Minuit avant la nuit
John Cale

John Cale

Bon d’accord, on dirait une vieille tata qui a raté sa couleur échappée du bus de Priscilla… Pourtant c’est un grand monsieur qui après avoir joué son chef d’oeuvre, Paris 1919 à Pleyel l’an dernier revient pour une tournée sobre et chic et une poignée de nouvelles chansons.

John Cale

John Cale sera en concert ce 2 novembre au centre Pompidou à Paris et le 5 novembre à L’Epicerie Moderne de Feyzin près de Lyon. Inclassable, entre musique contemporaine (il a été l’élève de Xenakis, a collaboré avec John Cage, Aaron Copland ou La Monte Young ) et musique populaire (Les Stooges, Nick Drake, les Modern Lovers, Brian Eno, bien sûr le Velvet avec son âme héroïnée, Lou Reed) ou musiques de films (avec Assayas, Beauvois ou Garrel), il vient de sortir un nouvel EP, Extra Playful avec un single guilleret et d’actualité, Catastrofuk qui parle malgré tout de lui : Take a look at the future, Think about the past, Hurry up to the present.

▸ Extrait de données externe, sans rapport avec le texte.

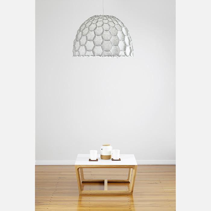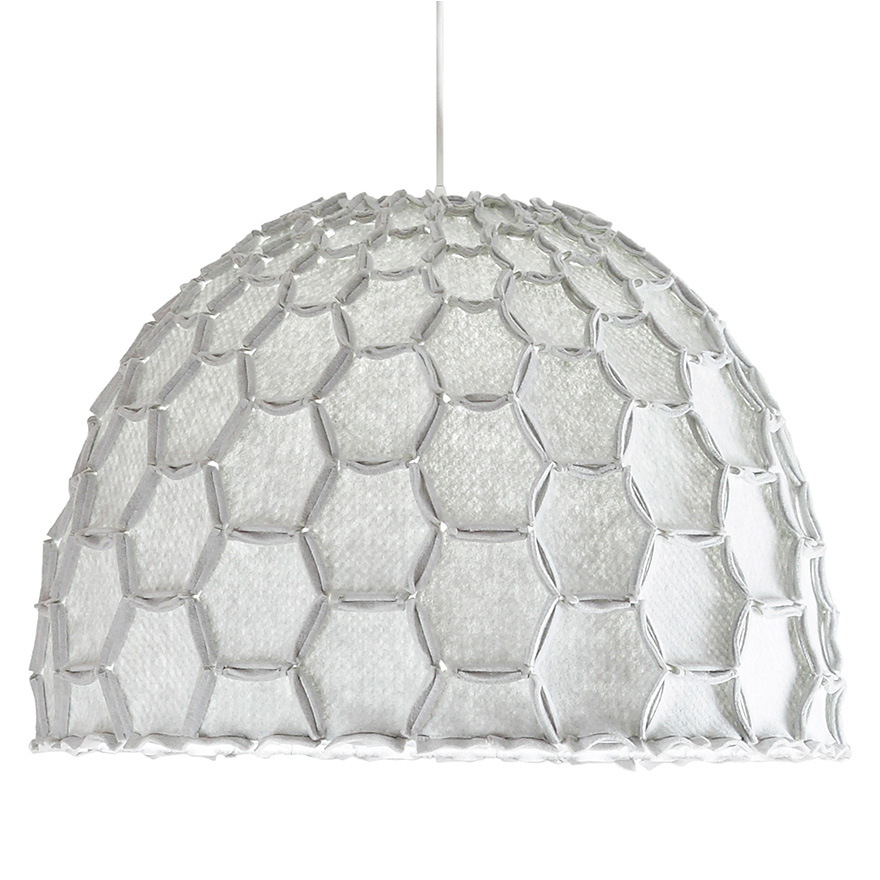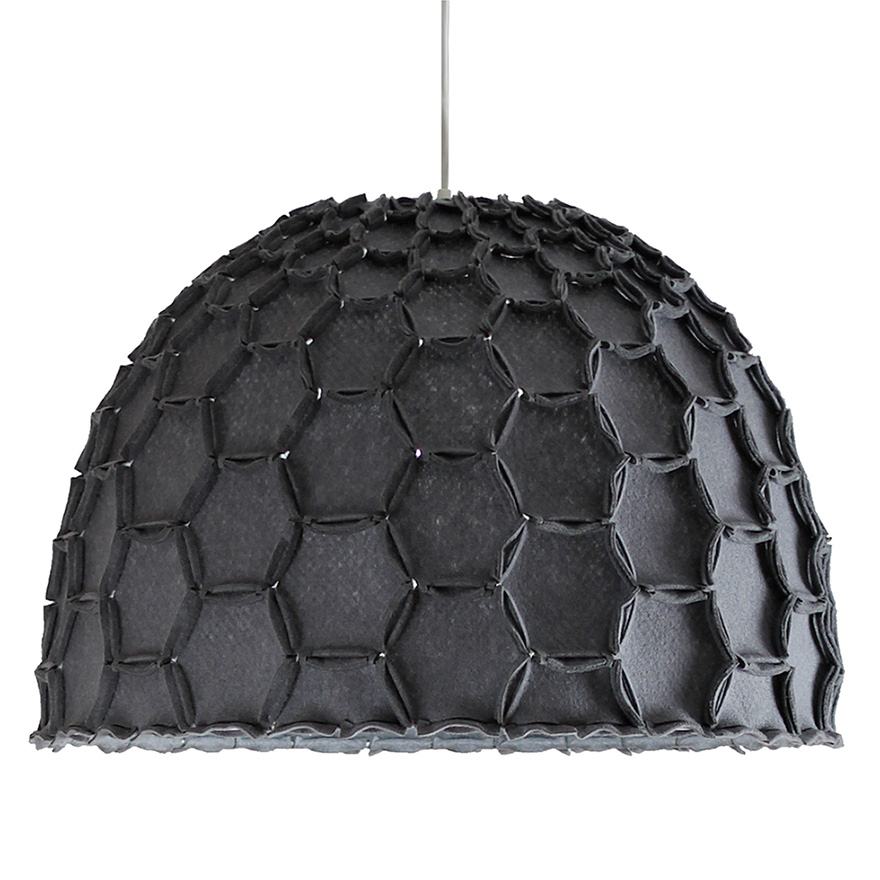 Made from lightweight felted polyester, the Nectar hanging lampshade draws its inspiration from the beehive. The soft and simple form resonates with us tapping into the deep and ancient association we have with bees. During the day it is a soft reminder of the beauty of nature and the amazing strength of the honeycomb structure. At night the Nectar comes alive with a warm and comforting inner glow that also highlights the structure and craftsmanship of the shade.

Il se dit parfois « perplexe, désorienté, mais jamais lassé par le rock ! Cette perplexité est d’ailleurs bien utile si vous cherchez à faire quelque chose de différent. » Pas sur qu’il décapite un poulet ou se déguise en Michael Myers ce samedi mais l’ombre d’un géant se propagera assurément sur L’Epicerie Moderne pour à peine 20 euros pendant que son alter ego féminin, la pythie Smith investira le Transbordeur pour un concert – lecture le 14 novembre pour 55 euros (!!). Si vous voulez être plus calé sur John, n’hésitez pas à lire son autobiographie parue en mai dernier au Diable Vauvert.